- Aim of the exercise -
Which lines run from the line with "05.03.2020 Aktualności WAŻNE" through the line with "放在木纹背景上碟子里的红色酸甜石榴籽" in the entries below? Print them exactly, both ends included, and nothing more.

- Input records -
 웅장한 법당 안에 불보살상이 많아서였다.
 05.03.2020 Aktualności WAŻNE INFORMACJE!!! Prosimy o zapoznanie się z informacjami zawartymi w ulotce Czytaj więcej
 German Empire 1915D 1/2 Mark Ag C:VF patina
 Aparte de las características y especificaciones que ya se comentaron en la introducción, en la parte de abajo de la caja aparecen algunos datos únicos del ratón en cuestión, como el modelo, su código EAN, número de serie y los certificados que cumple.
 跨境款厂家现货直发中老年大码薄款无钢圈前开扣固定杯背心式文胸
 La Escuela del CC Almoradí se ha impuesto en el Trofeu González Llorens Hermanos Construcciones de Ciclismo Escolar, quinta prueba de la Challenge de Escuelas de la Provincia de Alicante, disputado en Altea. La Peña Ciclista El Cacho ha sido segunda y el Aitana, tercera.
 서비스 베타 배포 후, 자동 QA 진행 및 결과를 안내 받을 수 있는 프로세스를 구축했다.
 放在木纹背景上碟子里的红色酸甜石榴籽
--
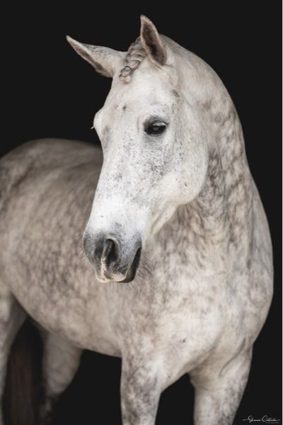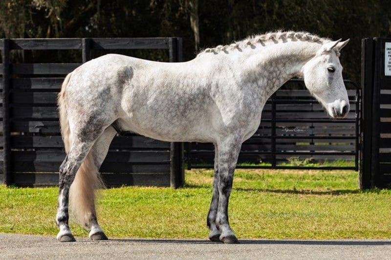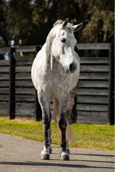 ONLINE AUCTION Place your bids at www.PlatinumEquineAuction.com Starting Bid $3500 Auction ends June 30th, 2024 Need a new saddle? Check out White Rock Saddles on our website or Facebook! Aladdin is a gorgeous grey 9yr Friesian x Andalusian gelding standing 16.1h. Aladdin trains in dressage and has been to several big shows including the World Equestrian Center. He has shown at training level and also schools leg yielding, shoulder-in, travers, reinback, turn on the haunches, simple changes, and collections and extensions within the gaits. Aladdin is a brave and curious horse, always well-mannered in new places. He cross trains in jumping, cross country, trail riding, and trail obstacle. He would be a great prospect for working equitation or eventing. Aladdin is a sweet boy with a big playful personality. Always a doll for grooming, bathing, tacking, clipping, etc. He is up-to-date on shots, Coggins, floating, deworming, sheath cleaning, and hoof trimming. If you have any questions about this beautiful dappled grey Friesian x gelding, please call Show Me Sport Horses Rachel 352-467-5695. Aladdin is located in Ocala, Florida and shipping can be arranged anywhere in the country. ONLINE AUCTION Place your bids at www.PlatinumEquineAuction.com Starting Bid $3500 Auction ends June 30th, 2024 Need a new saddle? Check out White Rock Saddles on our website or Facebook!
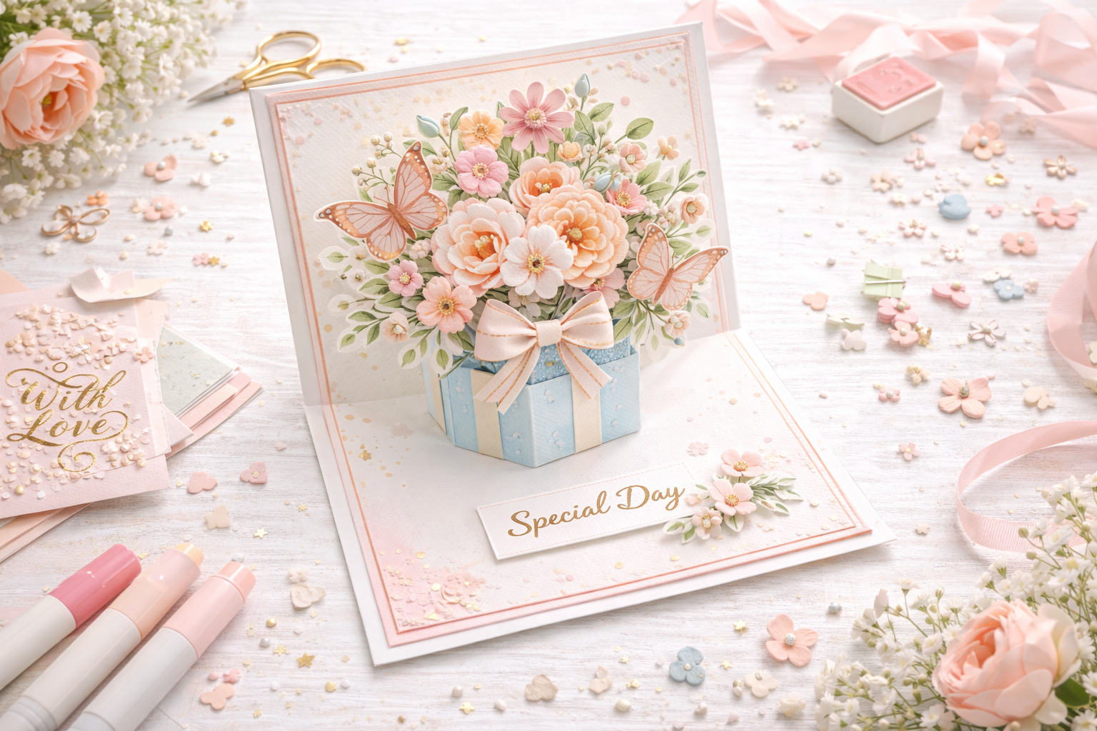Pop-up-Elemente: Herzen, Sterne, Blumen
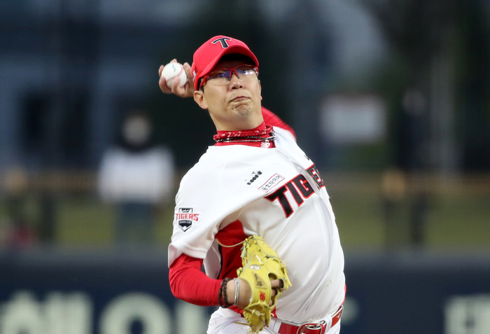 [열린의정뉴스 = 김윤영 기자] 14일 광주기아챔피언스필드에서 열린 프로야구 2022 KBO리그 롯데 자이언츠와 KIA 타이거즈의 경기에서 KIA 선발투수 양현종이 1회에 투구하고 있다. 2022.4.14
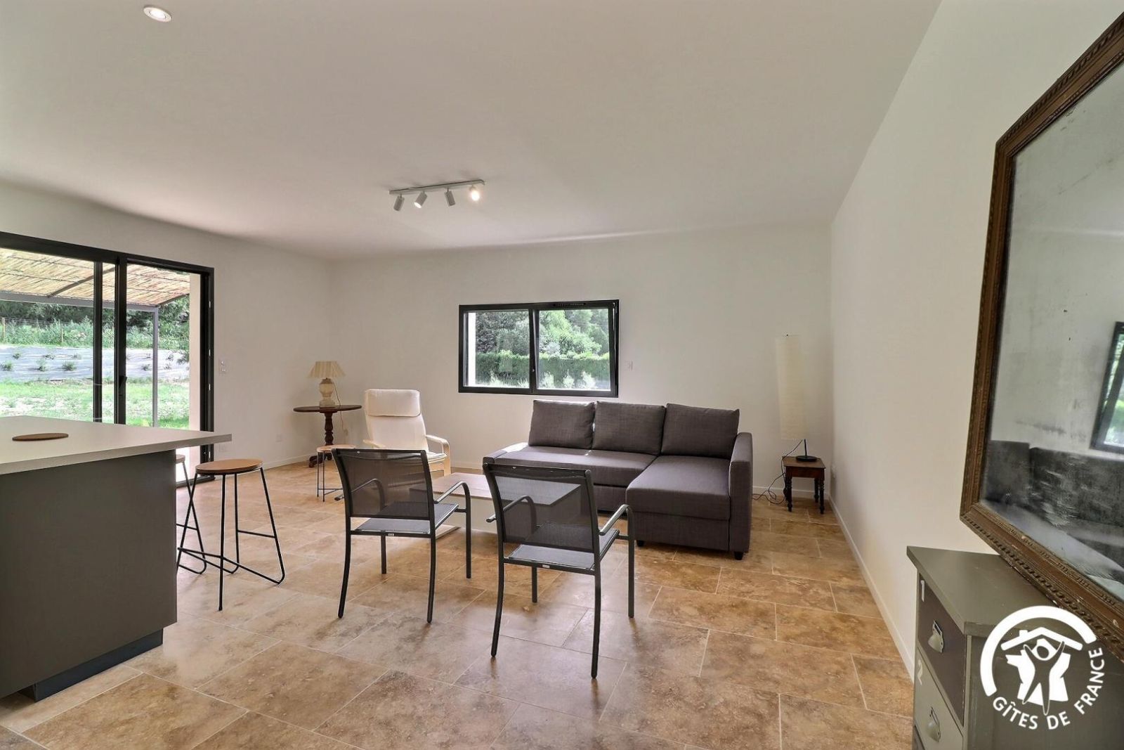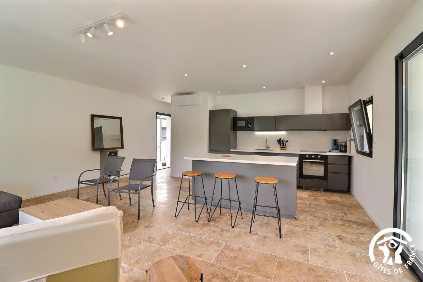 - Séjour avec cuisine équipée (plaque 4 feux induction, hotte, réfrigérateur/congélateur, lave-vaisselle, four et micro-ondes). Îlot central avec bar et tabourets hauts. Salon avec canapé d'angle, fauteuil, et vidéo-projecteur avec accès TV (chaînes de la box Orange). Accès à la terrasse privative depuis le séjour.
==
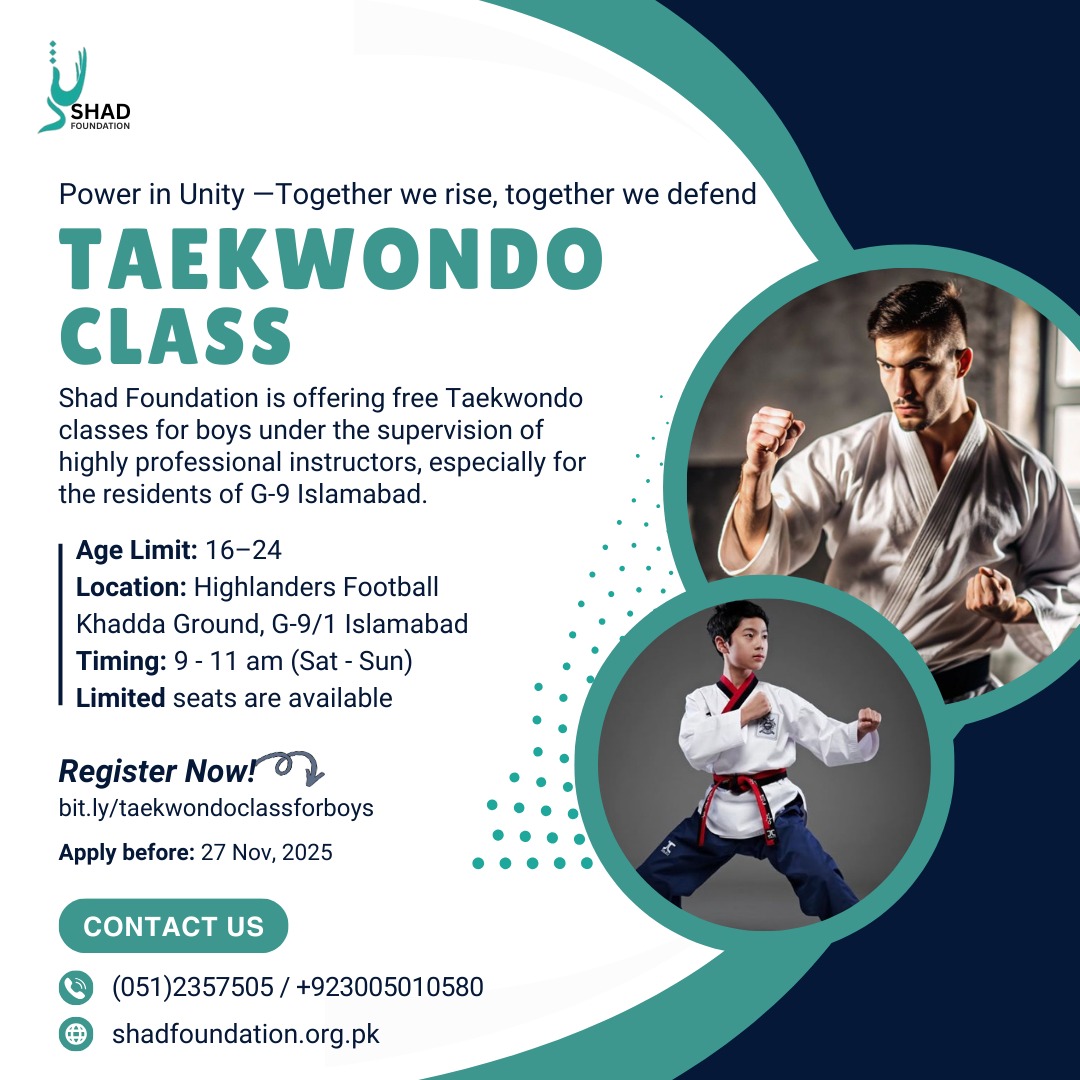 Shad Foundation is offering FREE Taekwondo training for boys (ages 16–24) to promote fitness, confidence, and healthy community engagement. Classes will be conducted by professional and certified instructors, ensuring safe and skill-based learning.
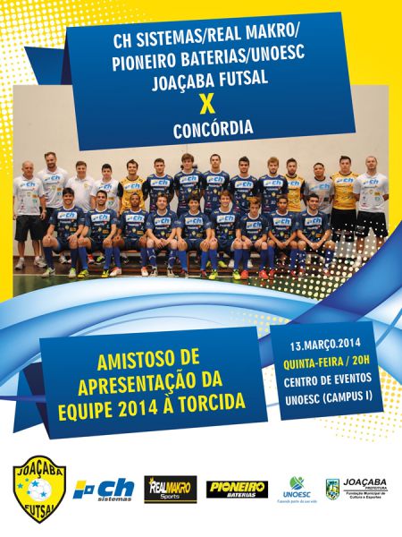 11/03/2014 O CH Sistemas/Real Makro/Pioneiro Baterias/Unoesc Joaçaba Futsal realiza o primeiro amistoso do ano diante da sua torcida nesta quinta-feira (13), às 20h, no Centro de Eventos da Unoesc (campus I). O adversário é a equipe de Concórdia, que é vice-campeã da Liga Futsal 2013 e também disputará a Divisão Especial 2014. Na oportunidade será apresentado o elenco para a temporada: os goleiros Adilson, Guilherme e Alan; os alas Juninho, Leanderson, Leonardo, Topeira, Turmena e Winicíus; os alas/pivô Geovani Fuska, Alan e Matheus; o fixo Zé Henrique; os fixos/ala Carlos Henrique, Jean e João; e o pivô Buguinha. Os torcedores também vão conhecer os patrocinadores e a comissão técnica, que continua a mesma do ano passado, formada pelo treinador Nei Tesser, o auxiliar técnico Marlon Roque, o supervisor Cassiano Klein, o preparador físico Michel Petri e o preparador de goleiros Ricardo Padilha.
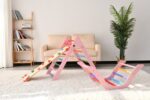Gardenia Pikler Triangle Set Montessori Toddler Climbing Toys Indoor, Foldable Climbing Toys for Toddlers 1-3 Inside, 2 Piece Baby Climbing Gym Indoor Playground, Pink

- Answer section -
 05.03.2020 Aktualności WAŻNE INFORMACJE!!! Prosimy o zapoznanie się z informacjami zawartymi w ulotce Czytaj więcej
 German Empire 1915D 1/2 Mark Ag C:VF patina
 Aparte de las características y especificaciones que ya se comentaron en la introducción, en la parte de abajo de la caja aparecen algunos datos únicos del ratón en cuestión, como el modelo, su código EAN, número de serie y los certificados que cumple.
 跨境款厂家现货直发中老年大码薄款无钢圈前开扣固定杯背心式文胸
 La Escuela del CC Almoradí se ha impuesto en el Trofeu González Llorens Hermanos Construcciones de Ciclismo Escolar, quinta prueba de la Challenge de Escuelas de la Provincia de Alicante, disputado en Altea. La Peña Ciclista El Cacho ha sido segunda y el Aitana, tercera.
 서비스 베타 배포 후, 자동 QA 진행 및 결과를 안내 받을 수 있는 프로세스를 구축했다.
 放在木纹背景上碟子里的红色酸甜石榴籽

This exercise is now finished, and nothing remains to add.